The Maya Declaration is a global initiative for responsible and sustainable financial inclusion issued by the Alliance for Financial Inclusion that aims to reduce poverty and ensure financial stability for the benefit of all. It is the first global and measurable set of financial inclusion commitments by developing and emerging economies.

The Maya Declaration is broad in nature, focusing on creating the right environment; implementing the correct framework; ensuring consumer protection measures are taken and using data to inform and track financial inclusion efforts. The declaration was made through AFI's network of financial institutions and, although no vote was taken, its common principles have been implicitly adopted by all the network's members.

==History==
Since its launch at the 2011 Global Policy Forum (GPF) in Mexico, members of the Alliance for Financial Inclusion (AFI) have made concrete financial inclusion targets, continued to implement in-country policy improvements and regularly shared progress updates on the AFI Data Portal (ADP).

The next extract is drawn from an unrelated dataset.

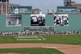 Williams' pay doubled in 1940, going from $5,000 to $10,000.[40] A new bullpen was added in right field of Fenway Park, reducing the distance from home plate from 400 feet to 380 feet and earning the nickname "Williamsburg" for being "obviously designed for Williams".[41] Williams was then switched from right field to left field, as there would be less sun in his eyes, and it would give Dom DiMaggio a chance to play center. Finally, Williams was flip-flopped in the order with the great slugger Jimmie Foxx, with the idea that Williams would get more pitches to hit.[41] Pitchers, though, proved willing to pitch around the eagle-eyed Williams in favor of facing the 32-year-old Foxx, the reigning AL home run champion, followed by the still highly productive 33-year-old Joe Cronin, the player-manager.[42] Williams also made his first of 16 All-Star Game appearances in 1940, going 0-for-2.[43] Although Williams hit .344, his power and runs batted in were down from the previous season, with 23 home runs and 113 RBI in 144 games played.[37] Williams also caused a controversy in mid-August when he called his salary "peanuts", along with saying he hated the city of Boston and reporters, leading reporters to lash back at him, saying that he should be traded.[44] Williams said that the "only real fun" he had in 1940 was being able to pitch once on August 24, when he pitched the last two innings in a 12–1 loss to the Detroit Tigers, allowing one earned run on three hits, while striking out one batter, Rudy York.[45][46]

The founding members were:
- Comisión Nacional Bancaria y de Valores
- Superintendencia de Banca, Seguros y AFP del Peru
- Reserve Bank of Fiji
- Bank of Tanzania
- Banque de la Republique du Burundi
- Banque Centrale de la Republique de Guinee
- Bank of Uganda
- Central Bank of Kenya
- Central Bank of Nigeria
- Reserve Bank of Malawi
- National Bank of Rwanda

=== Accords over the years ===
The Maya Declaration laid the groundwork for AFI members to develop and adopt a series of accords, action plans and statements that outline specific goals and target different aspects of financial inclusion over the years.

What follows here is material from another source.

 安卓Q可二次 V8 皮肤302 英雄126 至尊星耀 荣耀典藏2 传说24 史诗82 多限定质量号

| 2013 | Sasana Accord | Launched at the 2013 AFI GPF in Kuala Lumpur, the Sasana Accord states that financial inclusion policies and strategies will see evidence- and data-based results while also contributing to the accelerated progress and measurement of impact. This makes evidence-based financial inclusion policy a priority by collecting and analyzing comprehensive data, tracking the changing profile of financial inclusion and producing comparable indicators in the network. |
| 2015 | Maputo Accord | Launched at the 2015 AFI GPF in Maputo, Mozambique, the accord supports access to finance for SMEs to promote sustainable inclusive development and spur innovation. The accord followed on from Turkey's G20 Presidency, which made support for SMEs a key theme. |
| 2016 | Denarau Action Plan | Launched at the 2016 AFI GPF in Nadi, Fiji, the action plan focuses on gender and women's financial inclusion, identifying measures that AFI members can take to increase the number of women with access to quality and affordable financial services globally to close the financial inclusion gender gap. |
| 2017 | Sharm El Sheikh Accord | Launched at the 2017 AFI GPF in Sharm El Sheikh, Egypt, the accord recognizes the dual threats of financial exclusion and climate change as key barriers to financial stability. |
| 2018 | Sochi Accord | Launched at the 2018 AFI GPF in Sochi, Russia, the accord commits AFI members to developing regulatory or policy interventions that balance innovation in technology-based financial services with oversight. |
| 2019 | Kigali Statement | Launched at the 2019 GPF in Kigali, Rwanda, the statement aims to accelerate the financial inclusion of disadvantaged groups. |
| 2020 | Statement on Post-COVID-19 Recovery | Launched at the 5th AFI Annual General Meeting in 2020, the statement aims to enhance the network's commitment to restore the momentum and achieve financial inclusion goals through recovery policies following the COVID-19 global health pandemic. |

=== A decade-long journey ===
As of 2021, 10 years after its launch, almost 80 percent of AFI member institutions have made a Maya Declaration commitment. The 73 countries with institutional commitments are represented by 82 institutions that have collectively made 885 targets into the ADP.

AFI members include roughly 101 central banks and other financial regulatory institutions from nearly 90 emerging and developing economies.

AFI is committed to supporting its members in fully achieving their commitments to contributing towards more inclusive development and poverty alleviation.

==Core values==
The Maya Declaration is the first global and measurable set of commitments made by developing countries to increase financial inclusion. It is underpinned by three core values that have sustained the impact of the platform:

- Self-determination: Each institution sets its own targets in recognition of the fact that country circumstances vary and that there is no simple, off-the-shelf solution.
- Peer-to-peer knowledge exchange: Harness mutual sharing and collaboration within the network to leverage practical and innovative policy solutions that address financial inclusion challenges.
- International cooperation: Effective knowledge partnerships with policymakers and regulators from developed countries, multilateral corporations, research institutions, private sector and funders to enhancing inclusive finance

The Maya Declaration has paved the way for the development and implementation of various accords over the years. Each emphasizes a specific aspect of financial inclusion and corresponds to the needs of financial regulators and policymakers against the outlook of the financial sector.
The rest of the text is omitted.